DATA BELOW -

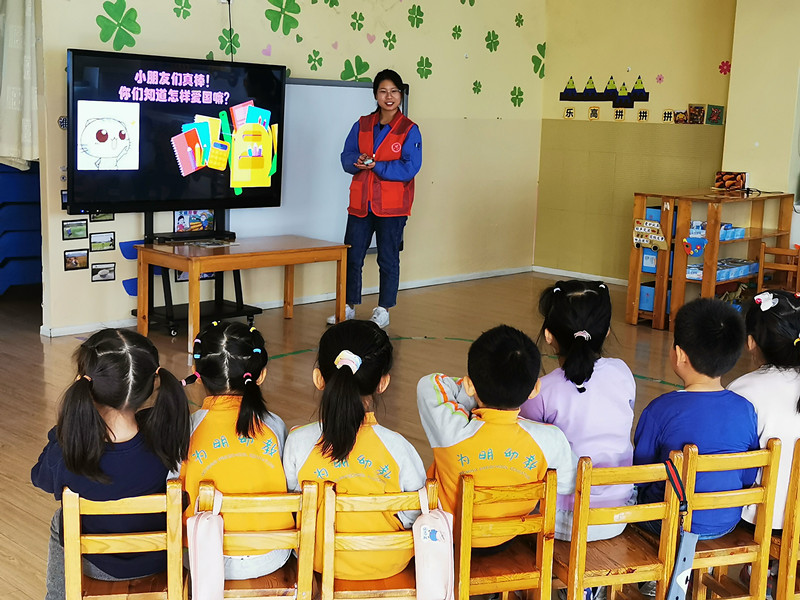 為了本次活動(dòng)順利開(kāi)展,黨支部書記莊健和支部年輕黨員志愿者們做足了功課。他們針對(duì)不同年齡段小朋友的特點(diǎn),購(gòu)買了愛(ài)國(guó)主義教育、生活好習(xí)慣等幼兒繪本讀物,并精心制作了豐富有趣的PPT。活動(dòng)中,他們一邊講解“朱德的扁擔(dān)”“為中華崛起而讀書”等紅色經(jīng)典故事,一邊配合著播放PPT,動(dòng)情的講解、生動(dòng)的情節(jié)深深吸引著孩子們,為他們幼小的心靈種下愛(ài)黨愛(ài)國(guó)的種子。隨后,“大朋友”小朋友共同做起了游戲,在輕松歡快的氛圍中,教導(dǎo)小朋友培育尊老愛(ài)幼品德、學(xué)習(xí)日常垃圾分類小知識(shí)、樹(shù)立團(tuán)結(jié)協(xié)作精神,幫助他們系好人生“第一??圩印薄?/p>
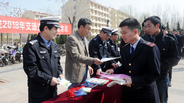 同日,我校春季“交通安全宣传教育周”活动正式启动,滨州市公安局党委委员、交警支队支队长王洪涛,市公安局交警支队副支队长顾晓光,经济技术开发区交警大队大队长张长玉等出席了启动仪式,并现场向同学们发放了交通安全宣传材料。学生工作部、保卫处、团委相关人员和1000余名师生参加了仪式。
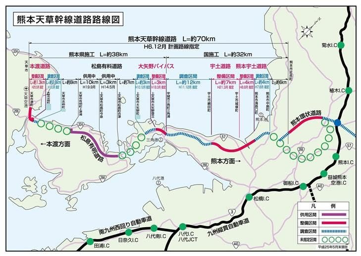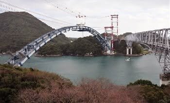 Amakusa is famed for, among other things, its five bridges, the first of which connects Misumi and Oyano towns. It is that type of bridge that you hope will still be there by the time you reached the other side. As part of a major roadworks project to connect a planned new interchange on the Kyushu Expressway between Ueki and Kumamoto ICs with Hondo, a new bridge is being built to supplement the No. 1 bridge. Its arch was completed yesterday, as can be seen in the below photograph. More information on the new and very-welcomed route can be found at the link. I’ll write more on this topic later. - William

TRY IT -
Using the material above, set down every line exactly, but skip the pictures.

FINISHED TASK -
 為了本次活動(dòng)順利開(kāi)展,黨支部書記莊健和支部年輕黨員志愿者們做足了功課。他們針對(duì)不同年齡段小朋友的特點(diǎn),購(gòu)買了愛(ài)國(guó)主義教育、生活好習(xí)慣等幼兒繪本讀物,并精心制作了豐富有趣的PPT。活動(dòng)中,他們一邊講解“朱德的扁擔(dān)”“為中華崛起而讀書”等紅色經(jīng)典故事,一邊配合著播放PPT,動(dòng)情的講解、生動(dòng)的情節(jié)深深吸引著孩子們,為他們幼小的心靈種下愛(ài)黨愛(ài)國(guó)的種子。隨后,“大朋友”小朋友共同做起了游戲,在輕松歡快的氛圍中,教導(dǎo)小朋友培育尊老愛(ài)幼品德、學(xué)習(xí)日常垃圾分類小知識(shí)、樹(shù)立團(tuán)結(jié)協(xié)作精神,幫助他們系好人生“第一??圩印薄?/p>
 同日,我校春季“交通安全宣传教育周”活动正式启动,滨州市公安局党委委员、交警支队支队长王洪涛,市公安局交警支队副支队长顾晓光,经济技术开发区交警大队大队长张长玉等出席了启动仪式,并现场向同学们发放了交通安全宣传材料。学生工作部、保卫处、团委相关人员和1000余名师生参加了仪式。
 Amakusa is famed for, among other things, its five bridges, the first of which connects Misumi and Oyano towns. It is that type of bridge that you hope will still be there by the time you reached the other side. As part of a major roadworks project to connect a planned new interchange on the Kyushu Expressway between Ueki and Kumamoto ICs with Hondo, a new bridge is being built to supplement the No. 1 bridge. Its arch was completed yesterday, as can be seen in the below photograph. More information on the new and very-welcomed route can be found at the link. I’ll write more on this topic later. - William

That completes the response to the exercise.